Are you asking why we use them outside of computation, which we no longer need them for?

There are lots of applications and a big one is optimization.

Basically, say we have some expression we wish to optimize – find the maximum or minimum of. There are well known ways to do this via calculus… but in many cases they become easier if we instead optimize the logarithm of that expression.

This is because logarithms turn products into addition which are easier to work with. And since log is an increasing function, optimizing the log of an expression is the same as optimizing the expression itself.

Lots of the current work in deep learning/AI for example is built, essentially, on optimizing expressions involving logarithms. Programming this requires understanding the underlying optimization problem and that includes being able to manipulate logarithms.

But that’s just one examples. There are many others in theoretical or applied math.

Are you trying to get someone to answer your homework?

The logarithm is a common and useful mathematical function that shows up in a ton of different places. Logarithms aren’t just there for slide rules. They show up as a common integral in calculus (integral du/u = ln(u) + C) and thus in the solution to a very common type of differential equation. They show up when solving any equation involving a variable in an exponent, as with things like half-lives, decay constants, or continuously compounding interest. A full list of everywhere they appear would be quite long.

ELI5: What are logarithms?

Logarithms are an important concept in mathematics whether or not a computer is available.

For example, if you have an exponential relationship y = a^x and want to express x in terms of y (that is, find the x that makes the exponential relation produce a desired value y) then you’ll need logarithms. This is not some idle task: lots of growth models involve exponential behavior (see radioactive decay, including the formula for half-life, which uses logarithms). Anytime you encounter an important function, its inverse function is probably important too: square roots are inverses of squares and logarithms are inverses of exponentials.

Some more examples: logarithms occur in the description of entropy in thermodynamics and information theory, they are used to describe the decibel scale in acoustics, and they are used to describe the Richter scale for earthquakes. The section on applications of logarithms on the Wikipedia page for logarithms mentions more examples in the real world involving logarithms.
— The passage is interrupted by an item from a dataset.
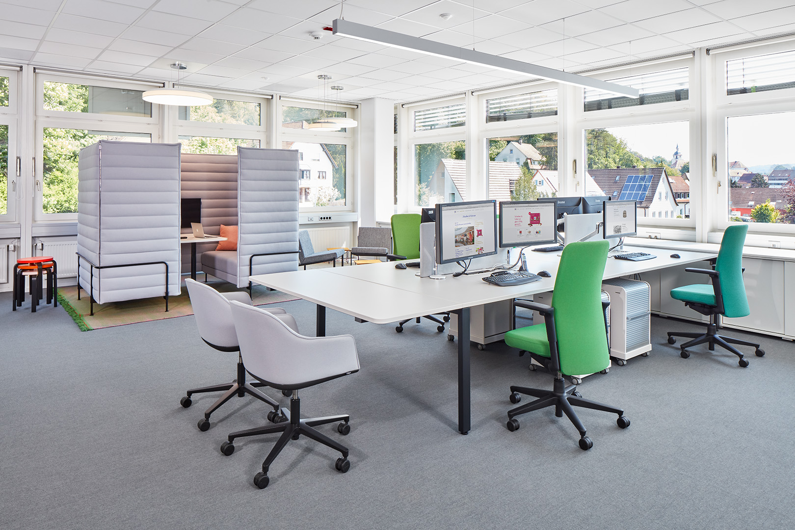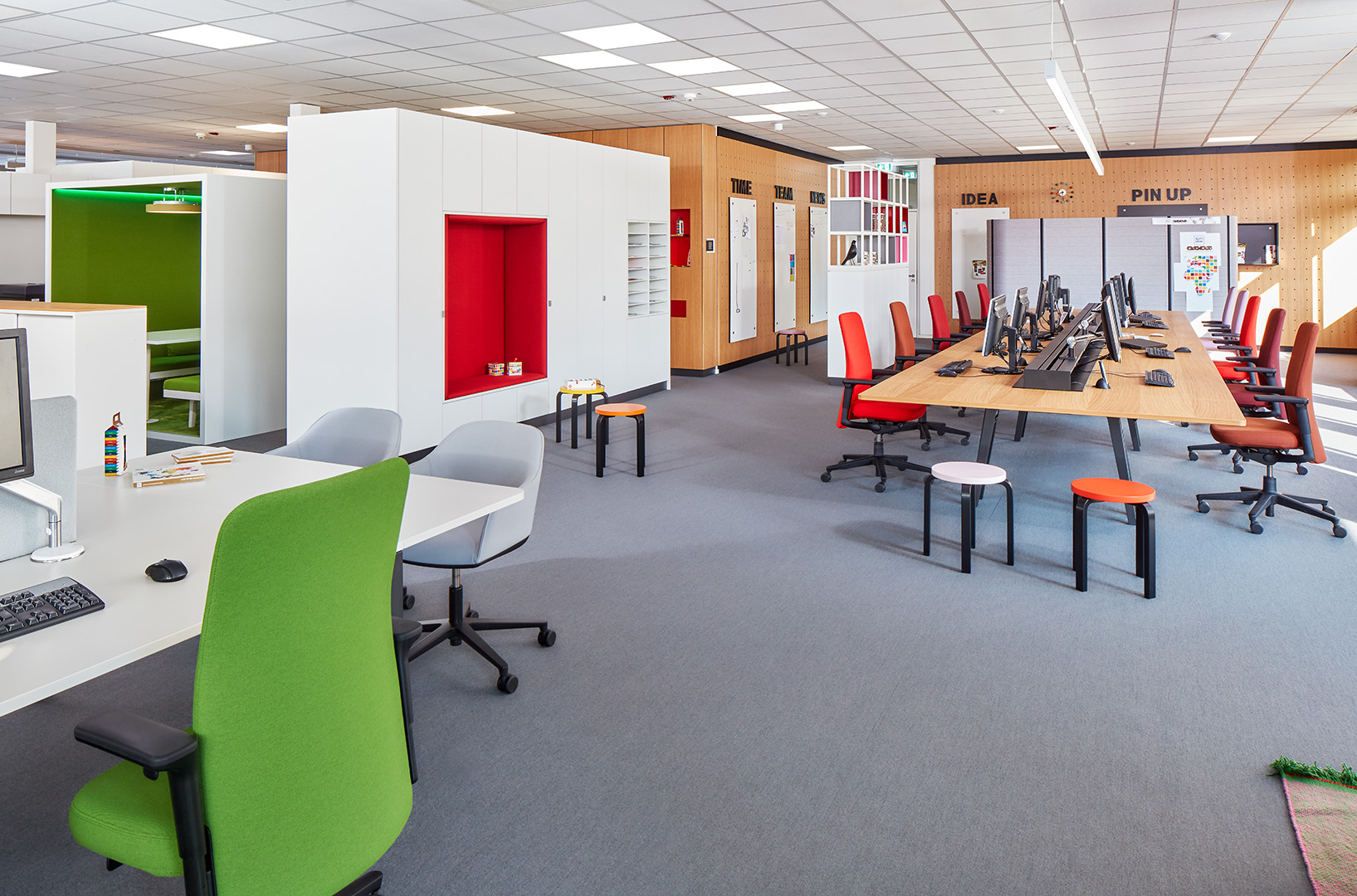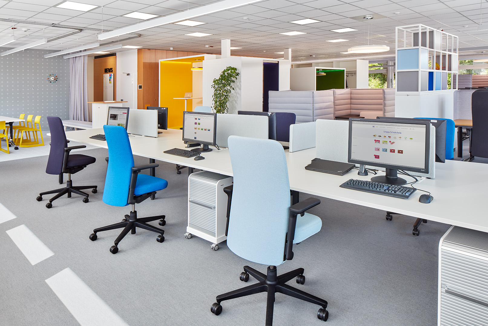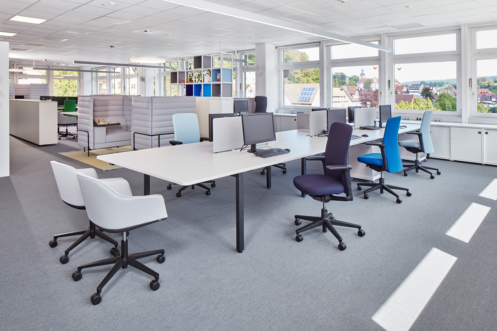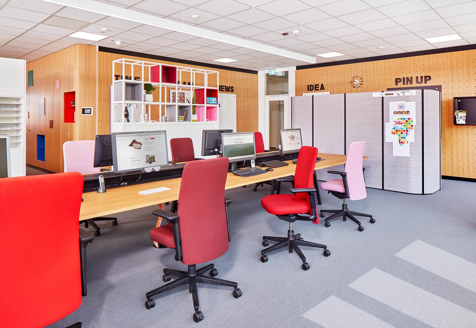 "This long-established German company distributes its chocolate-based products in 100 countries. For the purpose of improving communications and simultaneously optimising the use of floor space at the corporate headquarters, single and group offices are to be replaced by an open-plan work landscape. The decision was made to test a new layout in a delineated area within the framework of a pilot project. As each department has different requirements, Vitra involved the employees in planning workshops to evaluate the range of needs and then developed a concept for the pilot office, which was selected by the company for implementation. An especially striking feature is the choice of Pacific Chairs in many different colours, referencing the similarly colourful spectrum of the firm's product portfolio. The pilot design is being used by a department of about 30 employees, and an analysis shall determine whether this concept will be rolled out over the entire office space. Interior architecture: Vitra." https://www.vitra.com/en-us/office/clients/details/ritter-sport

In calculus, logarithms provide the missing formula for an antiderivative of the function x^r when r = -1: the antiderivative for all other values or r is much simpler, but that simpler formula makes no direct sense if r = -1. So if logarithms had not been created before calculus was developed (which they were), they’d have to have been created to make calculus a more complete subject.

There are a bazillion ways logarithms appear in math studied on its own (pure math), but that’s certainly not the kind of answer you are seeking, so I won’t mention those.